We’re thrilled to announce the profitable completion of our System and Group Controls (SOC) 2 Sort 2 audit, performed by A-LIGN, with no main findings recognized. You possibly can entry the report upon request at our Help Portal.
This milestone comes as a follow-up to our beforehand introduced SOC 2 Sort 1 audit again in April 2023. To offer a short distinction, the Sort 1 audit reveals that our safety processes and operations are well-established, whereas the Sort 2 audit confirms that we constantly adhere to those practices on a day-to-day foundation. Whereas the idea is simple in rationalization, steady adherence to safety practices could be fairly sophisticated and require a company-wide dedication to cyber safety.
How does this profit our clients?
The completion of this audit doesn’t result in any rapid adjustments to our each day enterprise operations or the functioning of the Manychat platform. What it does accomplish is the verification that our processes, safety and infrastructure methods, each of their documentation and execution, successfully assist the safety of buyer’s information.
Virtually talking, our workers adhere to multi-factor authentication (MFA), have need-to-know and least-privilege entry to particular methods, and bear periodic entry evaluations to make sure that solely approved people have applicable entry for authentic causes. We keep thought vulnerability and patch administration processes. We implement code evaluations and pull requests earlier than merging any code, together with automated deployment procedures. These practices not solely guarantee consistency but additionally decrease exterior interference and forestall many widespread errors. Moreover, our logging and notification methods are in place to promptly detect and alert us on any suspicious actions that require our consideration. For a complete overview of all our safety and compliance controls, please consult with our SOC 2 Sort 2 report.
Essentially, the rules behind SOC 2 Sort 2 controls function sound pointers for designing and working methods usually. This audit affirms that our operational practices align with these basic rules.
What’s on the horizon?
Acquiring the SOC 2 Sort 2 report alongside our ISO/IEC 27001 certification is a big achievement.
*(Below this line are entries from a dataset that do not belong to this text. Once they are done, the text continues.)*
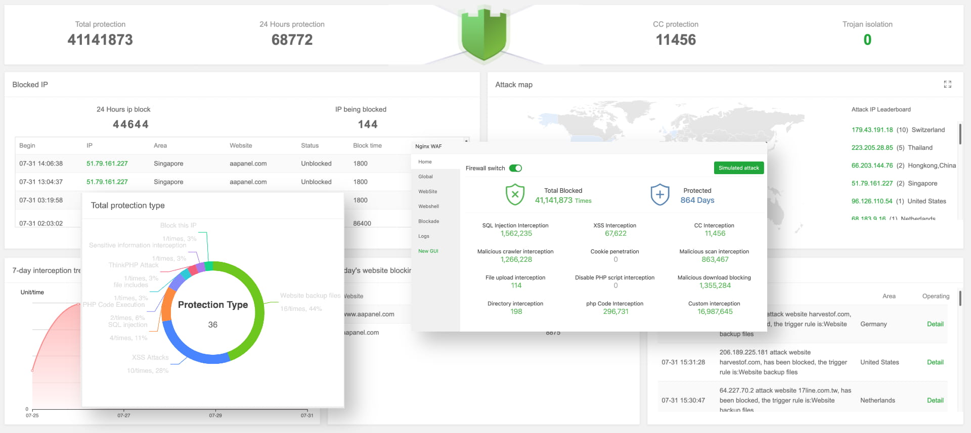 CC attack is a common variant of DDOS attack on the Internet. It imitates normal users and makes a large number of requests to your website, eventually exhausting your server resources. aaPanel Nginx WAF can effectively defend against
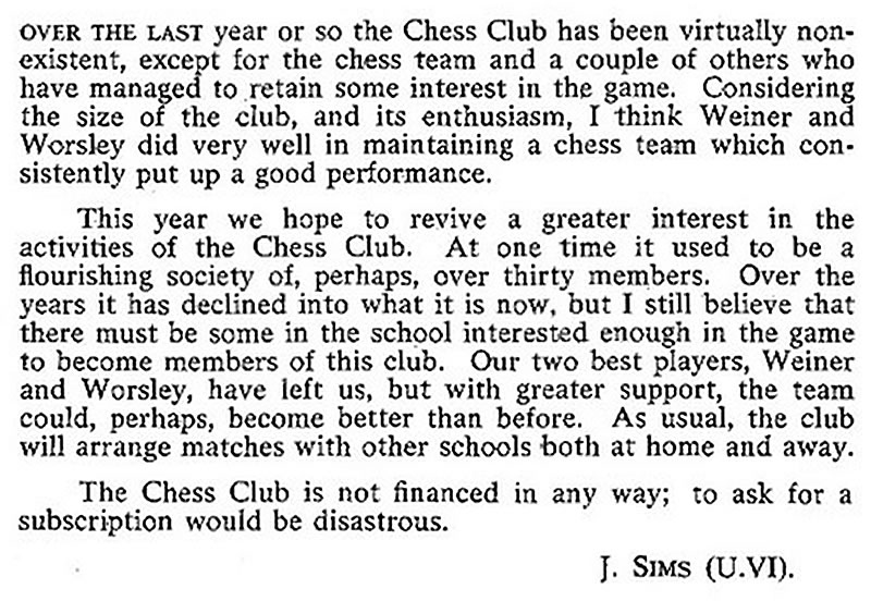 AFTER A LONG period of inactivity the Chess Club reappeared in September, 1956. In the first few weeks membership rose to the forties. Eventually, however, it was only a few old faithfuls who attended regularly. During the summer term the Club underwent another period of inactivity which was due to the good weather.
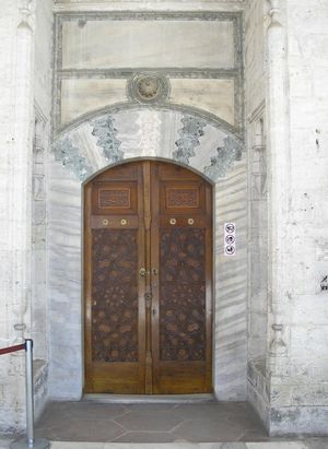 Main entrance to the Audience Chamber, with the small fountain of Suleiman I to the right, and the large gifts window to the left

Presently, we’ve a sturdy basis for pursuing different compliance certifications and audits, and our roadmap shall be influenced by the particular wants of our clients. For those who require compliance with ISO/IEC 27701, GDPR-CARPA, NIST CSF, or every other particular certifications, please don’t hesitate to succeed in out to us upon request by way of the Help Portal.
The contents of this weblog have been independently ready and are for informational functions solely. The opinions expressed are these of the creator and don’t essentially mirror the views of ManyChat or every other get together. Particular person outcomes could range.